AP Biology Class Visits Harlem DNA Learning Center

By Brian Seetoe ’19 and Vasyl Ilnytskyy ’19

The Advanced Placement (AP) Biology class, taught by Ms. Jessica Ross, went on a trip in order to further their studies on DNA (deoxyribonucleic acid) by getting hands-on experience at the Harlem DNA Learning Center (DNALC).

Students were given the opportunity to perform a lab where they sequenced their own DNA to discover how closely related they are to each other.

“The College Board has a number of required labs and this was one of them,” stated Ms. Ross. “The material they covered will be tested on the AP exam in May.”

Although the exam is some time away, labs such as this one retain their importance and may even help students due to their heavy reliance on hands-on activities which have been found to acutely increase the students understanding of scientific concepts as concluded by a study led by the University of Chicago.

According to the Harlem DNALC website, “This lab examines Single Nucleotide Polymorphisms (SNPs) in the human mitochondrial genome. Students amplify a small region of their own mitochondrial DNA and use the product as a template for DNA cycle sequencing. The students obtain their ‘finished’ sequence and perform computer analysis of the data using the DNALC’s online bioinformatics tool Sequence Server.”

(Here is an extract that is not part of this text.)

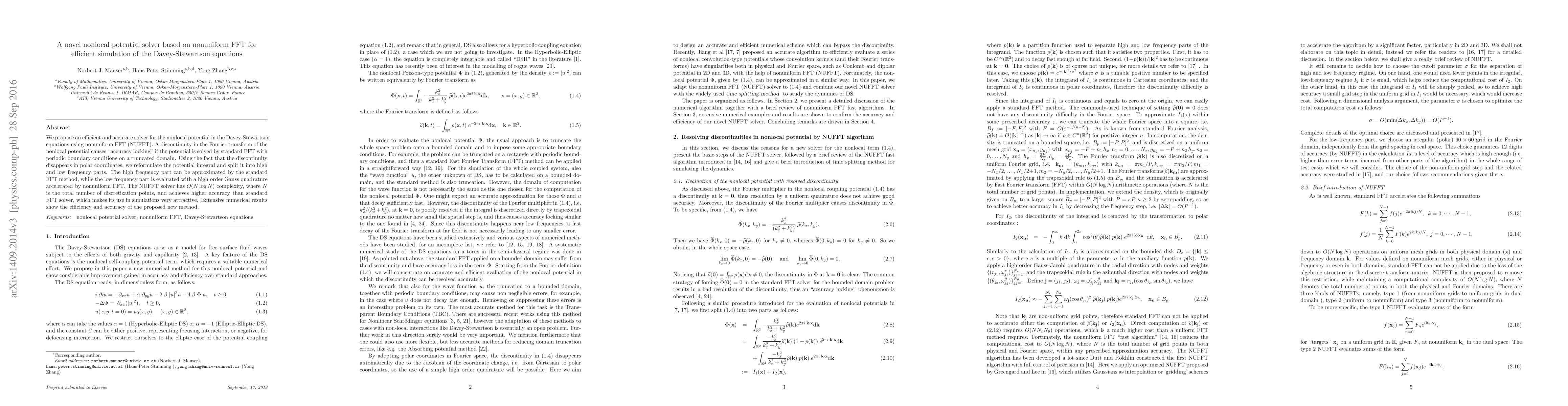 This paper proposes an efficient solver for the nonlocal potential in the Davey-Stewartson equation using nonuniform FFT (NUFFT) to overcome accuracy issues with standard FFT. The method splits the potential integral into high and low frequency parts, achieving $O(N\log N)$ complexity and higher accuracy.

In order to extract the SNPs, each student had to begin by swirling a nine percent saline solution in their mouth for a minute in order to extract cheek cells which contain the DNA they are going to use as their template.

“The saline solution was clear, and it tasted like nothing at first, but it became salty by the time we spit it out. It felt weird,” stated Joann Mei ’19.

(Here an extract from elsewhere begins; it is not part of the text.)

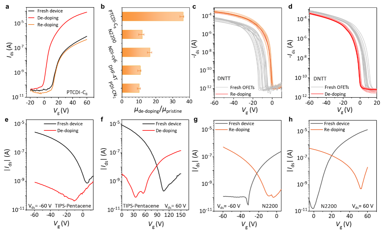 图4. 通过掺杂和去掺杂调控有机半导体器件的电子特性。a, PTCDI-C8 OFET的转移曲线表名去掺杂去除痕量氧显著增强了材料的电子输运性能,而再掺杂则逆转了这一过程。b,5种典型n型有机半导体去掺杂后迁移率增加。精确调制C10-DNTT OFET的阈值电压(从负(c)和正(d)值到接近零)。e, f,通过去掺杂将TIPS-Pentacene OFET从p型传输转化为n型传输。g, h,N2200 OFET通过再掺杂从n型转变为p型传输。

The students then used a process called Polymerase Chain Reaction, PCR for short, to make many copies of DNA and make samples to put into a thermocycler for 40 minutes which would separate the DNA into individual strands, cloning each strand, making double the number of strands as before. The samples are then put into a centrifuge which separates the strands into groups, making it easier to put the DNA into the gel electrophoresis, the process during which DNA fragments are separated using an electric current where the DNA fragments can be easily seen and compared.

“Overall it was a very good experience and a lot of people were able to conduct lab techniques such as gel electrophoresis for the first time,” said Vasilisa Tolkacheva ’19. “It was a bit nerve-wracking because once you pierce the gel, your sample is gone forever, hence people were a bit nervous for this part of the lab. However, the lab instructor was kind enough to redo the lab for people that lost their samples in the process.”

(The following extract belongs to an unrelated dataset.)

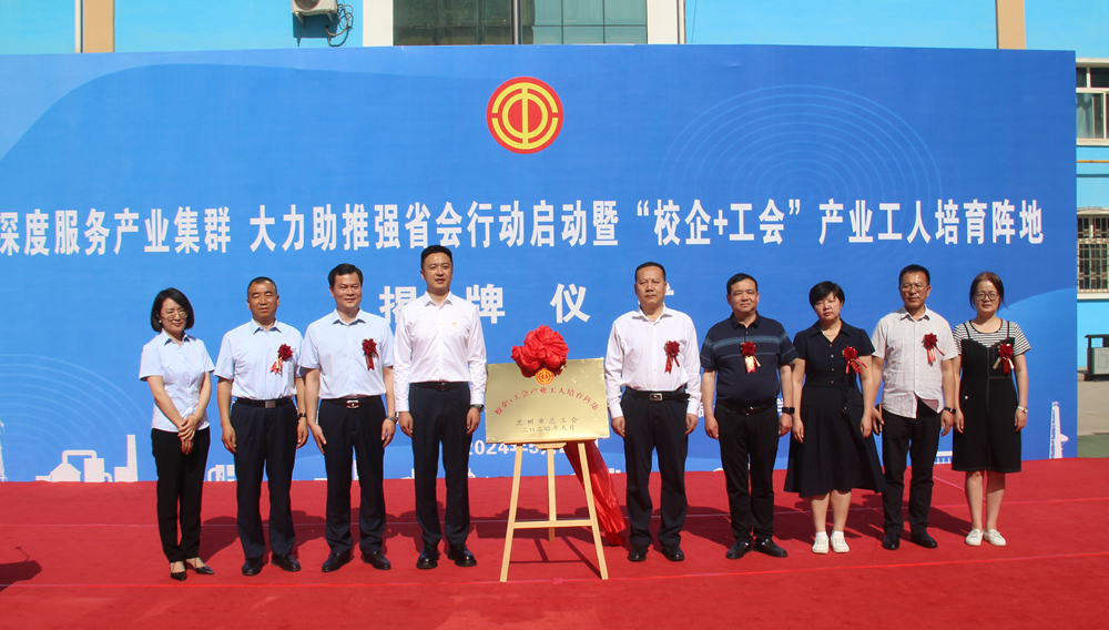 图为今年启动的“校企+工会”产业工人培育阵地揭牌仪式

Aesam Sharafaldin ’18 stated, “I think it’s very interesting because genetic sequencing could provide new information on the genetic basis of poorly understood diseases with the potential to provide new therapies.”

Ms. Ross said, “It’s nice to see the kids doing real science and extracting their own DNA.”

The class will be getting their results at the end of April when they can finally compare their DNA to see how similar their DNA results are to not only their classmates, but also to different populations across the world and other species of animals.

Rreze Kadrijaj ’19 contributed to this article.